Each time they failed, undone sometime in the concluding series by dropped passes.

“The balls we dropped were devastating,” Leach said, “but the timing of them was worse than the drops.”

Even in their worst moments this season – and there have been plenty – there was always the feeling that the Cougars had something carbonated under the cork, ready to pop.

And this day, not.

Much of the credit can go to Washington’s defense – a secondary even younger than WSU’s which mostly played tight, exacting coverage on the Cougar receivers; and a veteran defensive line that kept Falk on the run, or on his back, just often enough with a traditional rush.

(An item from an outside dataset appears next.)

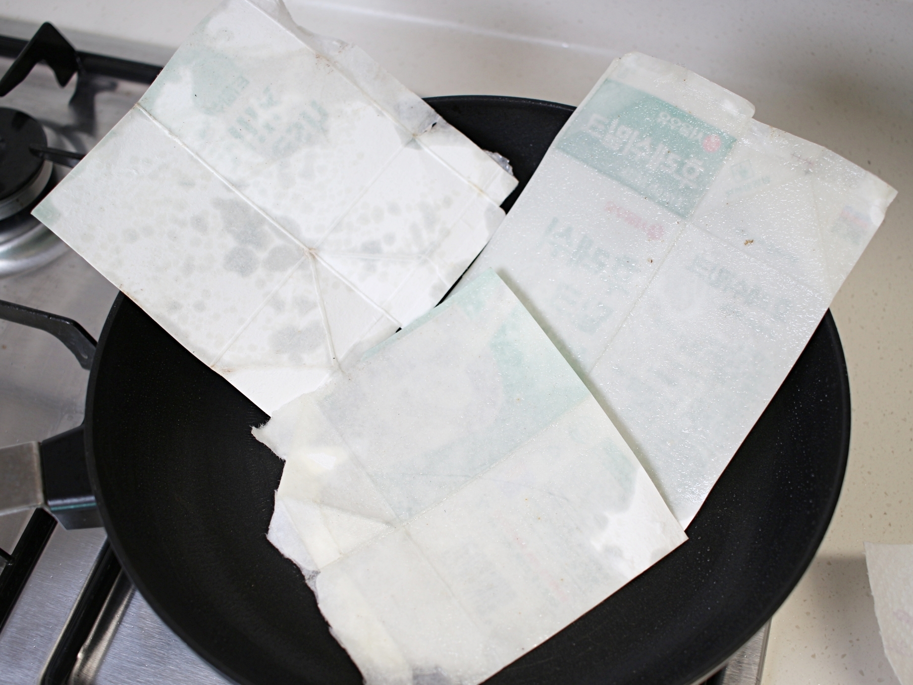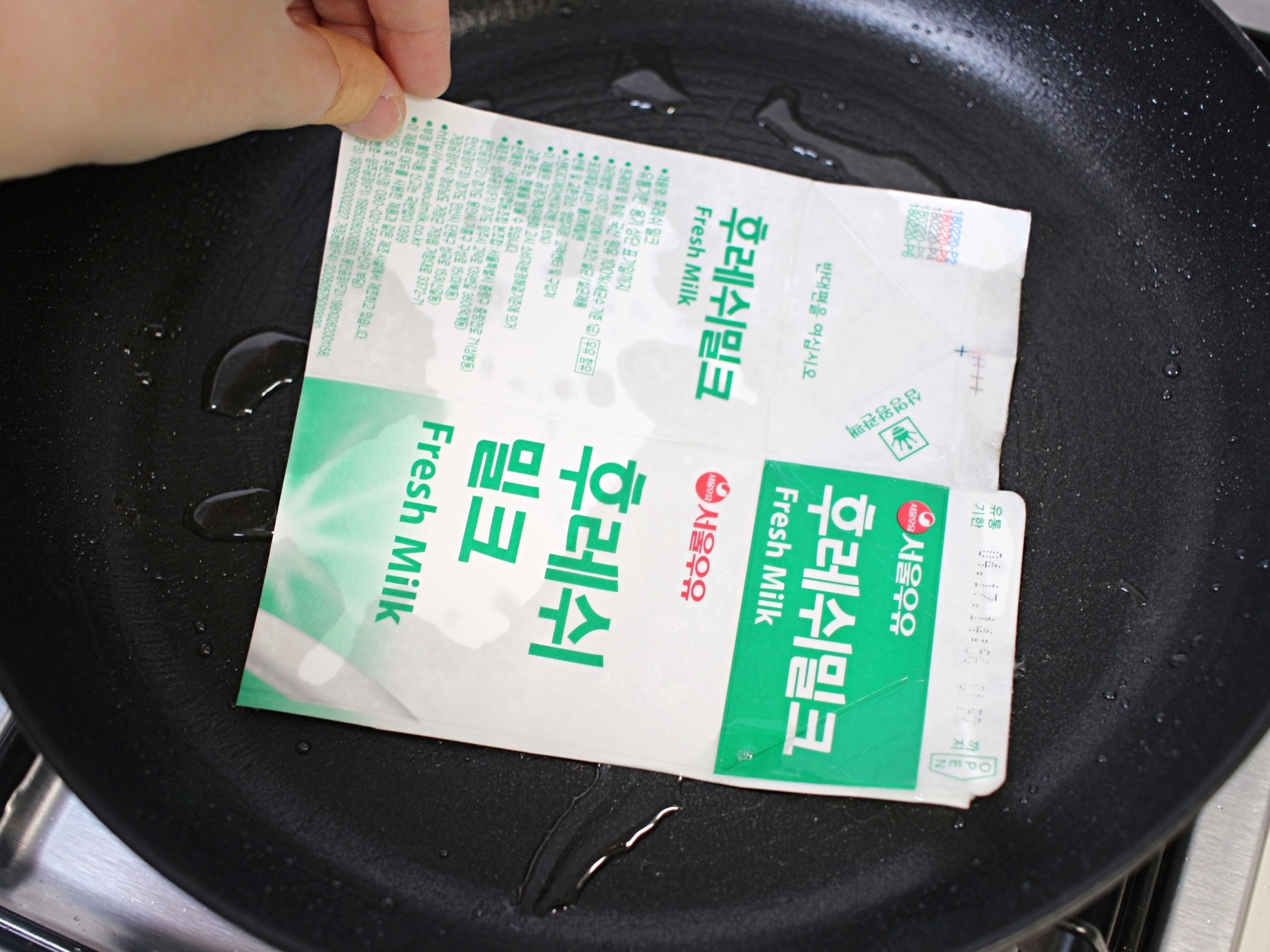 기름기 많은 후라이팬에 우유갑 종이를 덮으니까

“It was the key to the game on defense,” said UW coach Chris Petersen.

For all his poise in his first two outings, Falk has looked very much like a raw freshman of late. And for all the youth on this Cougar team that predicts good times ahead, the growth from September to this weekend has been an unqualified disappointment. Which falls squarely on the coach.

Not a unanimous opinion, naturally.

“I don’t think we took a step back at all,” insisted receiver Isiah Meyers.

“Obviously, we lost some players and we’re trying to fill those positions. I thought we had an awesome season. I love this group of guys. We played our balls off.”

Well, then 3-9 suggests the Cougars need something more. The message Leach has been repeating on an endless loop – forget the last play, focus on the next – either isn’t being grasped, or more likely isn’t enough.

Not enough to make the Cougs relevant, anyway.